===== Data for processing

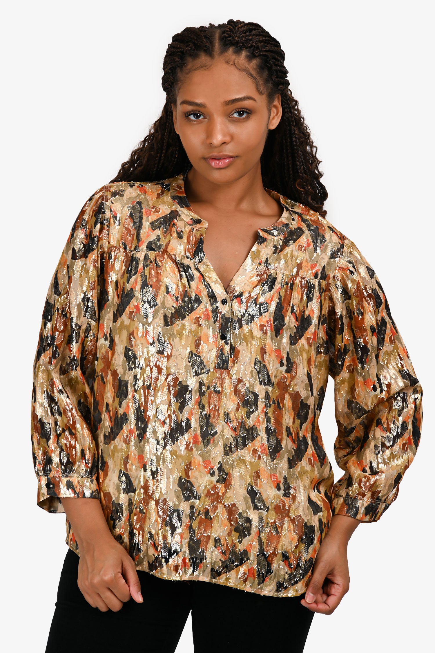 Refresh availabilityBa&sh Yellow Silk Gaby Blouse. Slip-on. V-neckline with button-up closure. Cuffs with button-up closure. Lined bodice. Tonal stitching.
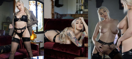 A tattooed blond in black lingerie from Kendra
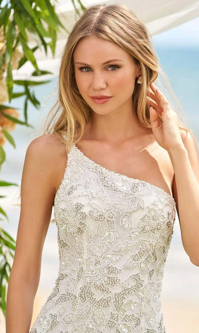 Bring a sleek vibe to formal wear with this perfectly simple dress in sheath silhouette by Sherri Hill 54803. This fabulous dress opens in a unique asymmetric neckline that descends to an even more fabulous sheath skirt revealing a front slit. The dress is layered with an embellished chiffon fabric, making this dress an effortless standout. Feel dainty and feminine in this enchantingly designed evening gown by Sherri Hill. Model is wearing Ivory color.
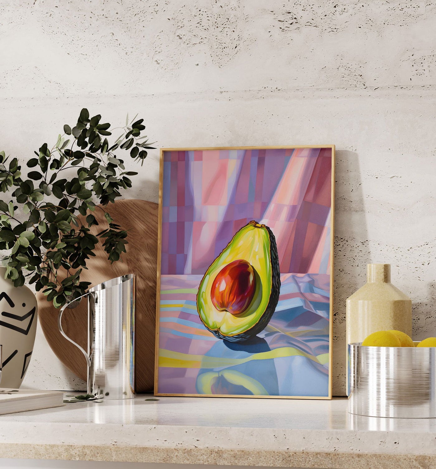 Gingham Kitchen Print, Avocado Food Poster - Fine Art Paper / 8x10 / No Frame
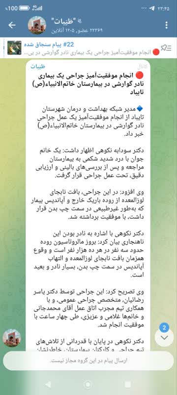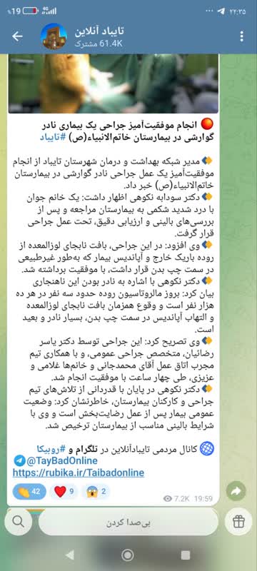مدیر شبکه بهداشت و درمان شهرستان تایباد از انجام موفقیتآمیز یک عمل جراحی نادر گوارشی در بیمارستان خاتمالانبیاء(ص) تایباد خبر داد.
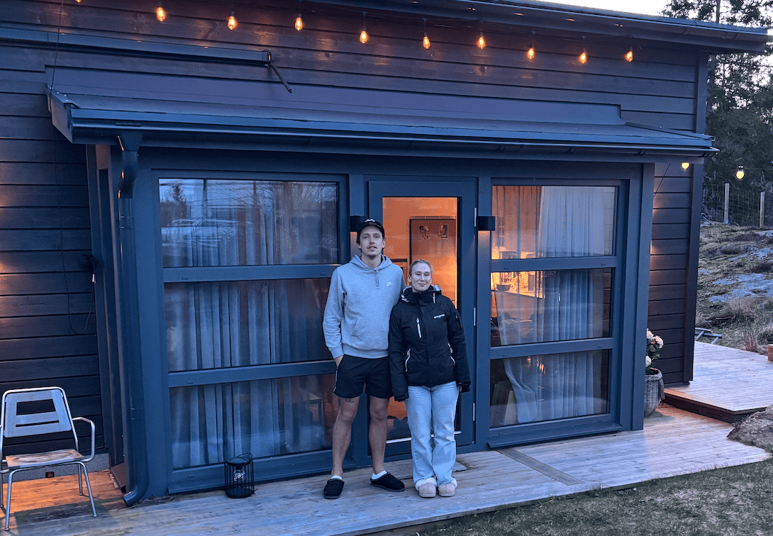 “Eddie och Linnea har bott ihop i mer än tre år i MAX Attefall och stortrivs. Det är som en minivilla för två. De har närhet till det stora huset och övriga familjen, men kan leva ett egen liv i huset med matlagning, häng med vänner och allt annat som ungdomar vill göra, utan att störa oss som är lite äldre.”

==========
===== Data for processing

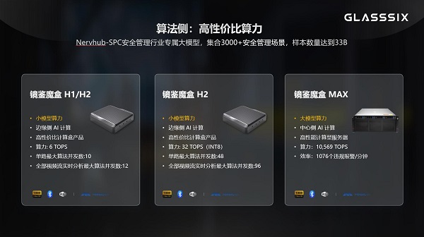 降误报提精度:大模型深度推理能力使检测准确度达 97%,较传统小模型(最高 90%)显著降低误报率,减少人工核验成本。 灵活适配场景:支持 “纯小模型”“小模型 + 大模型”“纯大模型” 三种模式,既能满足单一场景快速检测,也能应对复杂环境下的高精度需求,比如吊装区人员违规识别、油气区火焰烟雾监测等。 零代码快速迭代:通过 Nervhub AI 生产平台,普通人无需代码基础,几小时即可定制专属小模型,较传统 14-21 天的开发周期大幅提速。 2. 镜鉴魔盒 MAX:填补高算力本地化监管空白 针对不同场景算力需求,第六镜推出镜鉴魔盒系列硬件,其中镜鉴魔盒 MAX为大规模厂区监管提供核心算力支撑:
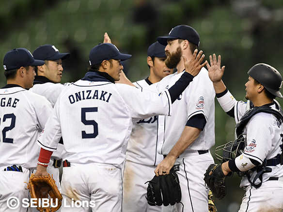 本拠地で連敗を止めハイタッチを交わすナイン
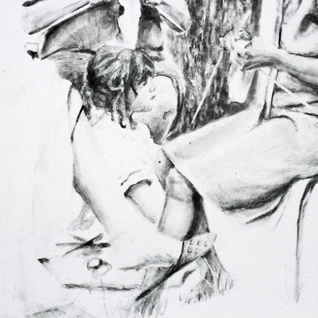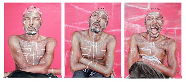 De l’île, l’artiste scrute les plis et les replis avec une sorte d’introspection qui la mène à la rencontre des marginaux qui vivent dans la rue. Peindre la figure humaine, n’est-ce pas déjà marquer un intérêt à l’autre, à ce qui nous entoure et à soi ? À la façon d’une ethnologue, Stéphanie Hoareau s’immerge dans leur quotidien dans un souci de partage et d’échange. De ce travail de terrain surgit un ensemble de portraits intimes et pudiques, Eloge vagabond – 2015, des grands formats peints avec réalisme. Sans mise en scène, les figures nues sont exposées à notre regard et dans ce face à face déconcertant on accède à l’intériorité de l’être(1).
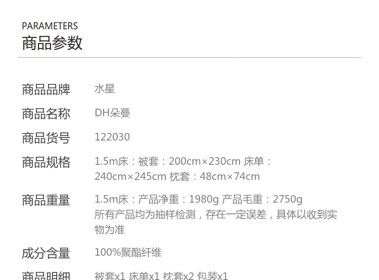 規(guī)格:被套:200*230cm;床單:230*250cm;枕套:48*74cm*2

==========

→ Work instructions: Everything from the line above that contains "Refresh availabilityBa&sh Yellow" down to the line that contains "A tattooed blond" must be reproduced exactly, both ends included. Omit the pictures.

→ Response for this exercise:
 Refresh availabilityBa&sh Yellow Silk Gaby Blouse. Slip-on. V-neckline with button-up closure. Cuffs with button-up closure. Lined bodice. Tonal stitching.
 A tattooed blond in black lingerie from Kendra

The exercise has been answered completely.